I love this quote “Teachers have also commented on Mairin’s behavior after lunch, compared to that of her classmates.  They have told me that Mairin comes back from lunch full of life and ready to learn while her peers often come back lethargic and cranky.”

The second is from Care2, about the way babies experience the world and learn differently than adults. How they have “an astonishing capacity for statistical reasoning, experimental discovery and probabilistic logic, which enables them to learn about the myriad of objects and people surrounding them with greater depth and efficiency than previously assumed”. I especially like how it talks about babies not needing lots of expensive toys – they’re still busy learning things like what happens when you tip up a cup of water. :D We may just have to add the book it talks about to our reading list.

How has open adoption changed you?

2009 August 19
Posted by linda

Production, not Reproduction has an ongoing Open Adoption Roundtable, with writing prompts on the subject of, well, open adoption. I only came across it on #4 – a call to write about one small moment in open adoption. Well, we don’t have an open adoption yet, so I didn’t feel qualified to write anything on that one.

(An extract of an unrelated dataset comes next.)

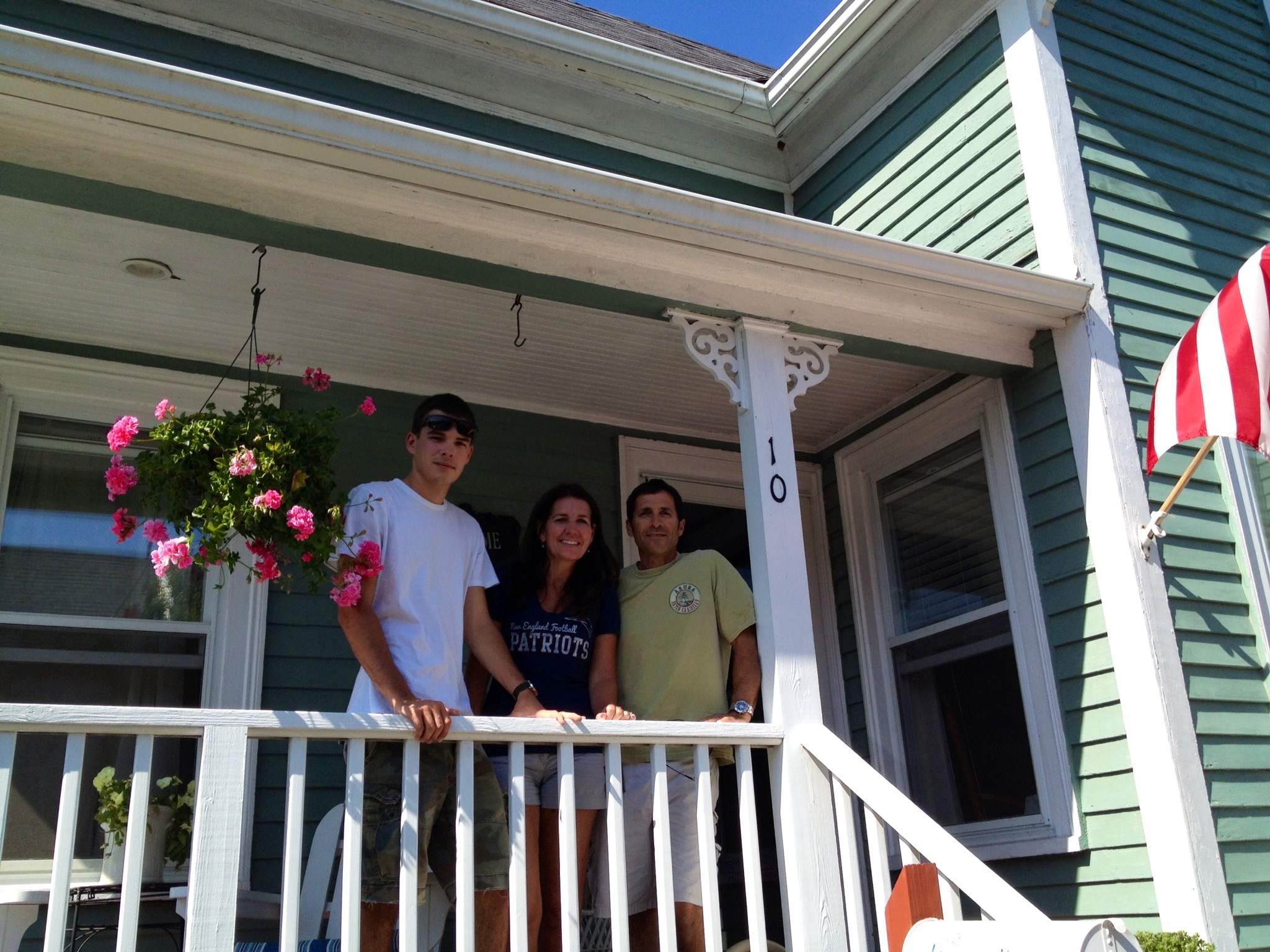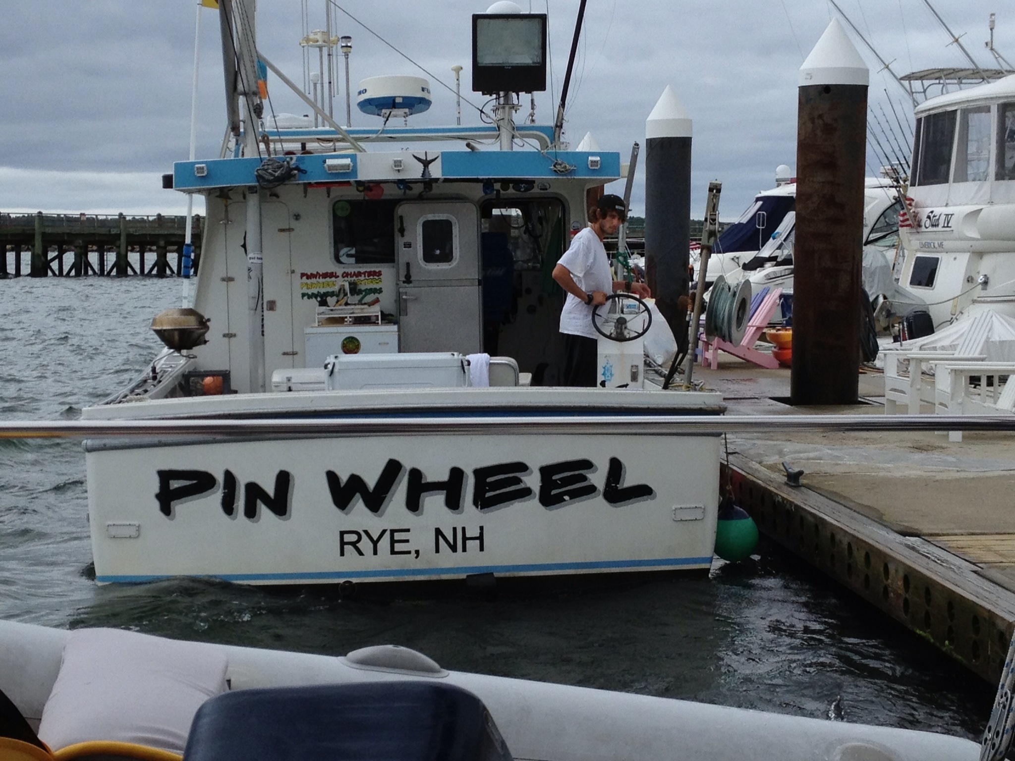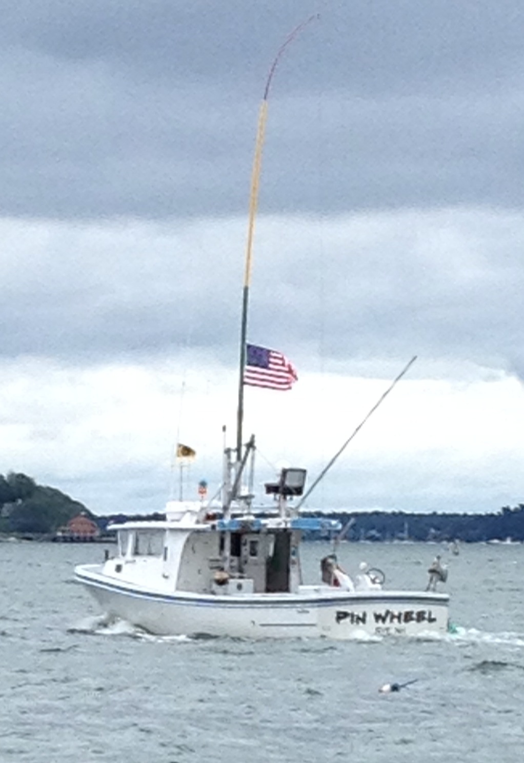 It was finally time to say goodbye to Maine. We knew we had about a ten hour trip ahead of us to get to Gloucester so we left at sunrise. Along the way we saw a seal pop his head up and check us out for a while! Finally! We may have seen a grand total of 8 seals the whole time we were in Maine! And – at long last – we spotted two whales that day!! We think they were Minke Whales . . . not too big and could be mistaken for a dolphin swimming at the surface of the water until you realize it is much too large to be a dolphin!! The sightings were brief, but exciting. We took two hour shifts, it was warm, and we were going downwind, so it was a comfortable ride other than the flies that wanted to make the trip with us. Ten hours flew by, and then we were pulling into the harbor in Gloucester, another town with LOTS of Frank’s family to visit . . . but we’ll save that for the next post.
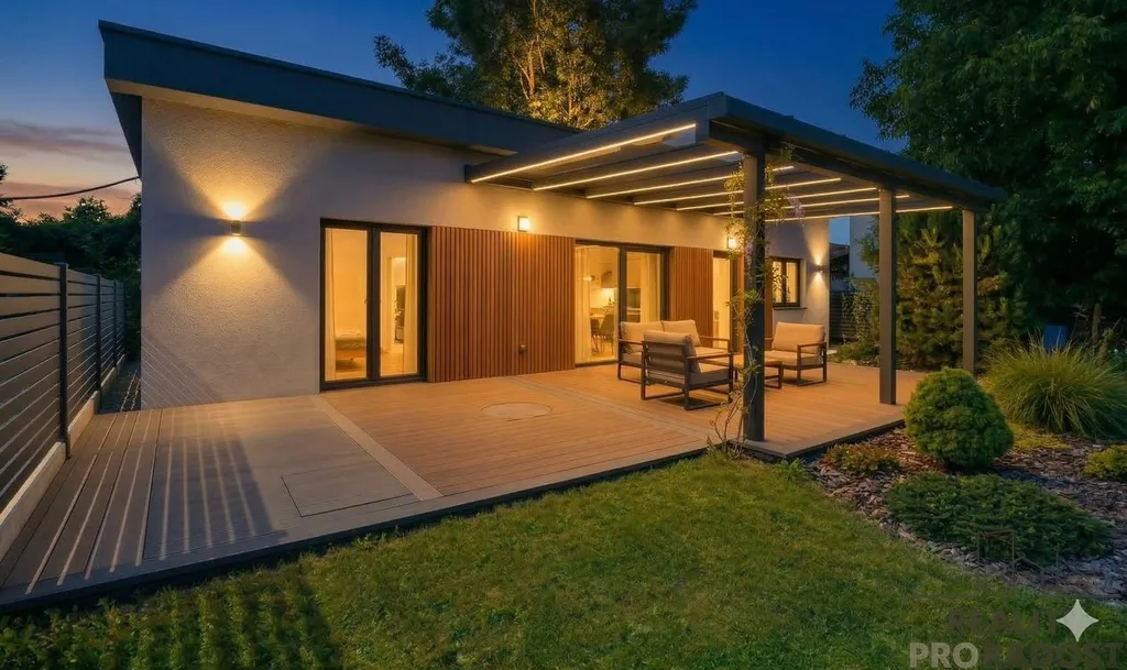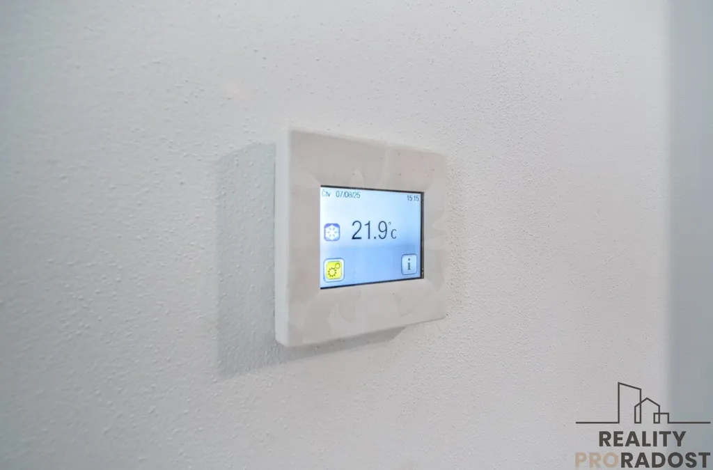 Kuchyně do tvaru U kombinuje dekor lesklé bílé a dřevodekoru. Nachází se zde indukční varná deska, elektrická trouba, granitový dřez v černé barvě s baterií, LED osvětlení horních skříněk. V koupelně se nachází walk-in sprchový kout, umyvadlová skříňka, úložné prostory, toaleta a příprava na pračku. Z obývacího pokoje je výstup na terasu, která je orientovaná do zahrady.

But #5 is How has open adoption changed you? In what ways are you different because of the presence of open adoption in your life?

Which has got me thinking – I do feel differently now than when I first started seriously researching adoption. But in what ways am I different?

I’ve always had the presence of adoption in my life, since several family members were adopted, and as long as I can remember I’ve wanted to adopt, but I think I’m only just beginning to really understand what an open adoption is, or at least can be, about. What it’s not about is me; This isn’t about me becoming a mother. It’s about a child. It’s about that child’s family and identity, and the ways one is formed from the other (and vice versa to some extent).

It’s about the child’s birth family, and their ongoing relationship with their child. It’s about them being allowed to still feel like they’re parents. They’re no longer expected to just ‘get over it’ (or at least I hope they aren’t).

It’s about us learning what every parent has had to learn – to share our child. To learn that our child is their own person, with other relationships that are separate from the relationship they have with us. It’s about that quote we chose to put on the front of this blog: “We should not be asking who this child belongs to, but who belongs to this child” – Jim Gritter.

So I guess in this way it is about me. Before we even enter into an open adoption, I’ve changed in one very big way. Learning to let go and not be so ‘precious’ about my relationship with my child may be my first step on the road to becoming a mother. And I think I need to thank ‘Production, not Reproduction’, as I don’t think I’d realised that before I started to write this.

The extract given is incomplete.